Task objective.
In this exercise, return only the lines that run from the line with "En 1929, Mella" to the end of the entries below, both included. Pictures are not copied.
━━━ Supplied records ━━━
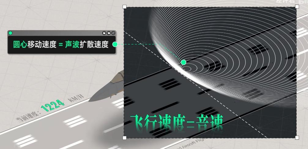 而随着飞行速度越来越快,圆心移动的幅度越来越大,前方的空气不断被压缩,直到速度正好等于音速时,圆心移动的速度和声波扩散的速度相同。
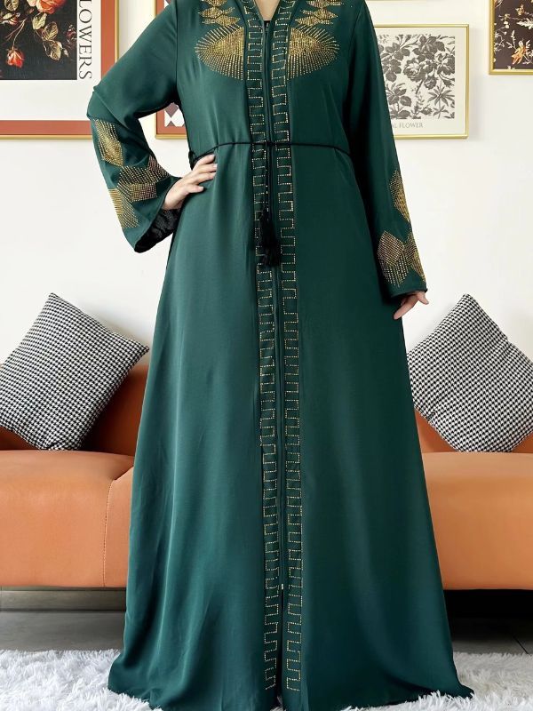 Son design raffiné et sa teinte vert émeraude en font un choix parfait pour toutes les femmes cherchant à rehausser leur garde-robe. Ce modèle met en lumière l’importance culturelle de l’abaya, tout en s’adaptant aisément à diverses occasions, que ce soit un mariage, une soirée élégante ou une sortie décontractée entre amis.
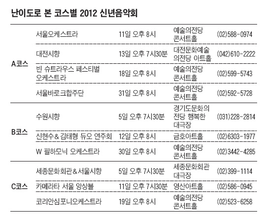 클래식이 낯설어 부담 없이 들을 수 있는 음악회를 찾는다면 요한 슈트라우스 2세의 '아름답고 푸른 도나우강' 등 낯익은 곡들로 꾸며진 전체관람가 코스를, 클래식에 어느 정도 관심이 있어 적당한 깊이를 맛보고 싶다면 라흐마니노프의 '교향곡 2번' 등을 들을 수 있는 도전자 관람가 코스를, 자타공인 애호가라면 말러 교향곡으로 채워진 마니아 이상 관람가 코스를 추천한다.(공연 일정은 표 참조)
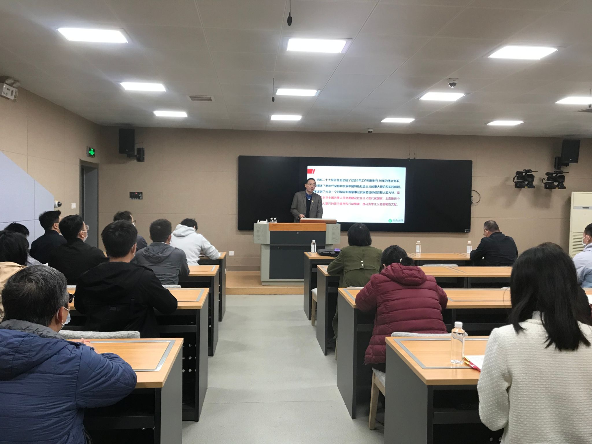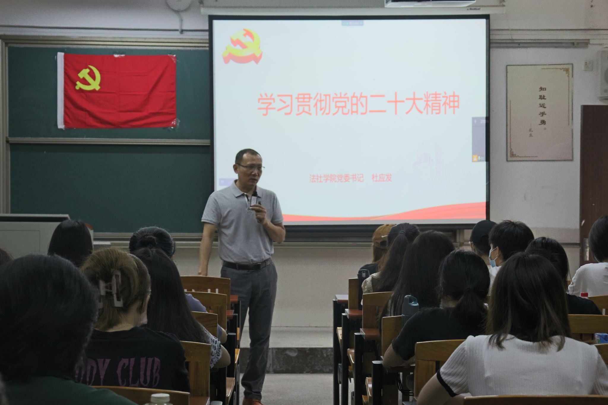 法律与社会工作学院(知识产权学院)党委书记杜应发为学院教师党员、入党积极分子作党的二十大精神宣讲。
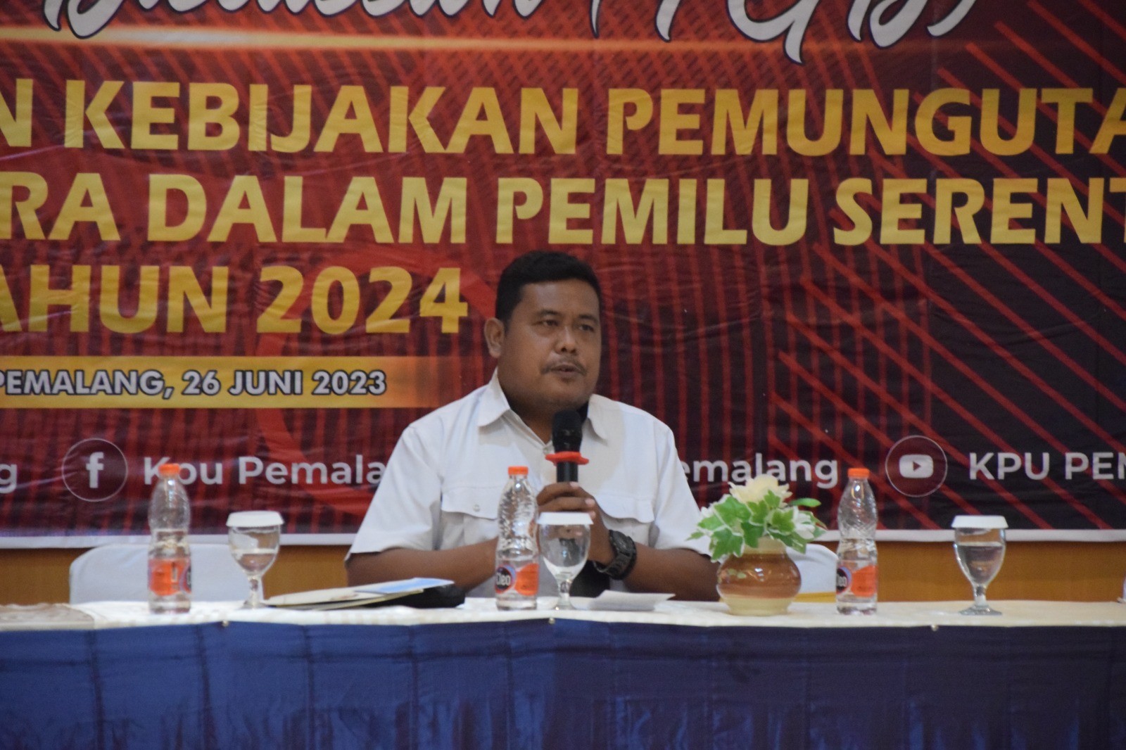 KPU Kabupaten Pemalang melaksanakan Focus Group Discussion (FGD) Penyampaian Rumusan Kebijakan Pemungutan dan Penghitungan Suara dalam Pemilu Tahun 2024 di Hotel Regina Pemalang, Senin (26/06/2023). Hadir pada kegiatan tersebut Forkopimda, Dinas/Instansi, Bawaslu, Organisasi Masyarakat, serta Partai Politik se-Kabupaten Pemalang.
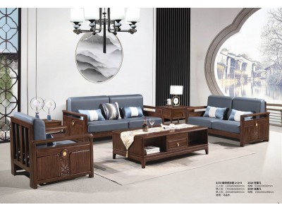 華軒新中式烏金木1+2+3沙發317#、方茶幾232#、長茶幾233#
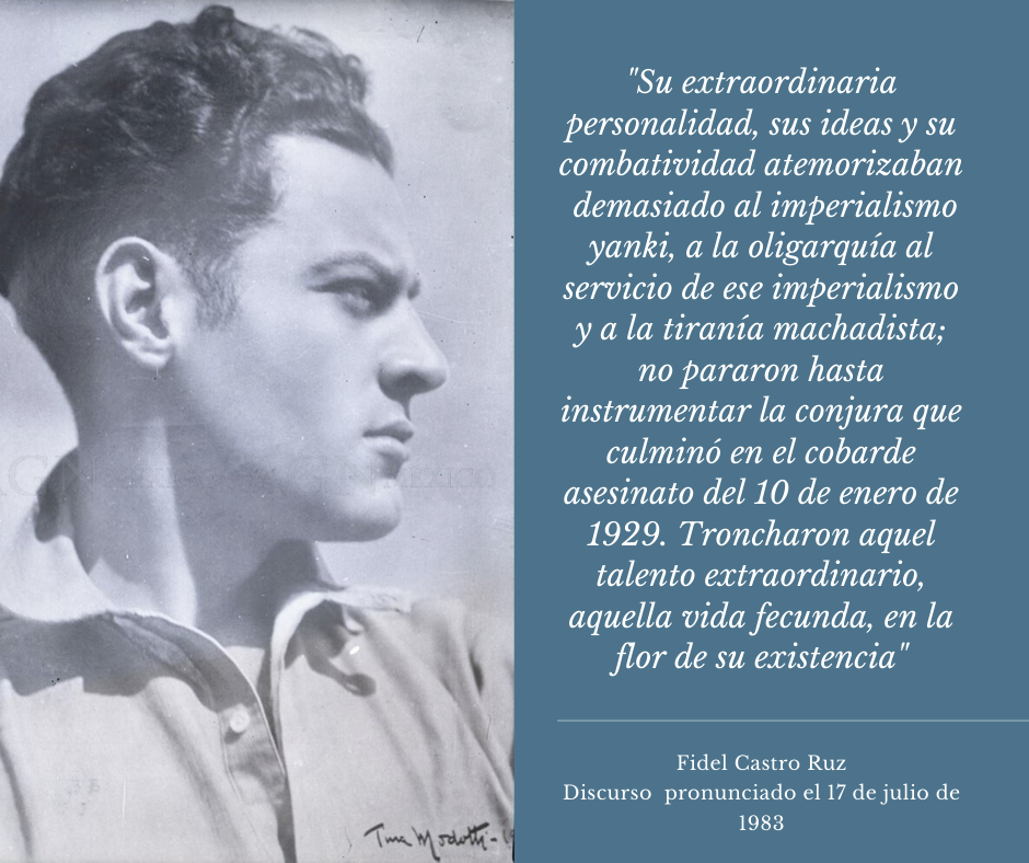 En 1929, Mella fue asesinado y Tina lo presenció. Entonces, pronunció: “En Mella asesinaron no solo al enemigo del dictador cubano, sino al enemigo de todas las dictaduras. Machado ha cometido un nuevo crimen, pero hay muertos que hacen temblar a sus asesinos, y cuya muerte representa, para aquellos, el mismo peligro como su vida de combatientes. Esta noche, un mes después del cobarde asesinato, honramos la memoria de Mella, prometiendo seguir su camino, hasta lograr la victoria de todos los explotados de la tierra. De esta manera lo recordamos como él lo hubiera preferido: no llorando sino luchando…”
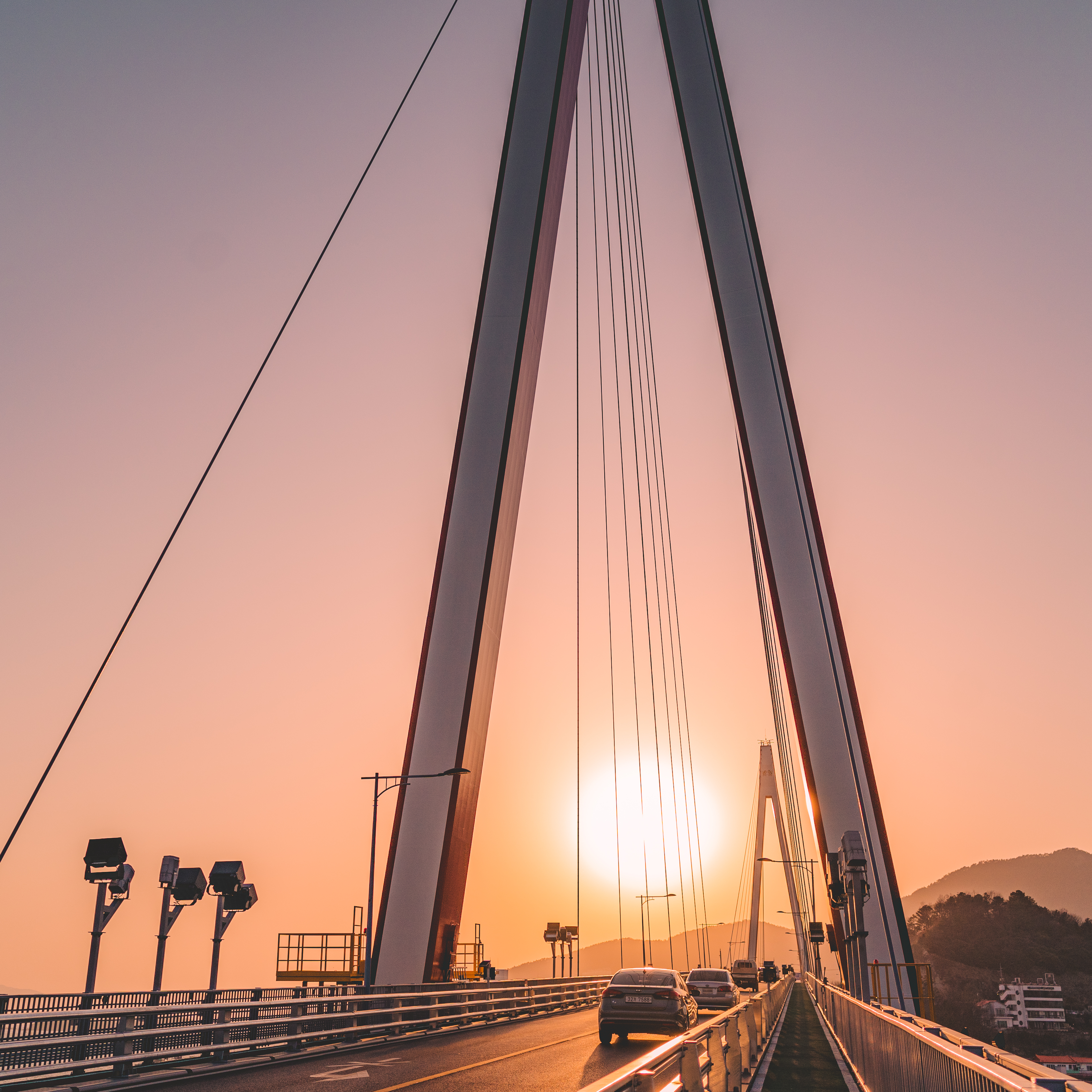 여수 돌산대교를 두발로 걸어 건너면서 만난 석양
━━━
Solution.
 En 1929, Mella fue asesinado y Tina lo presenció. Entonces, pronunció: “En Mella asesinaron no solo al enemigo del dictador cubano, sino al enemigo de todas las dictaduras. Machado ha cometido un nuevo crimen, pero hay muertos que hacen temblar a sus asesinos, y cuya muerte representa, para aquellos, el mismo peligro como su vida de combatientes. Esta noche, un mes después del cobarde asesinato, honramos la memoria de Mella, prometiendo seguir su camino, hasta lograr la victoria de todos los explotados de la tierra. De esta manera lo recordamos como él lo hubiera preferido: no llorando sino luchando…”
 여수 돌산대교를 두발로 걸어 건너면서 만난 석양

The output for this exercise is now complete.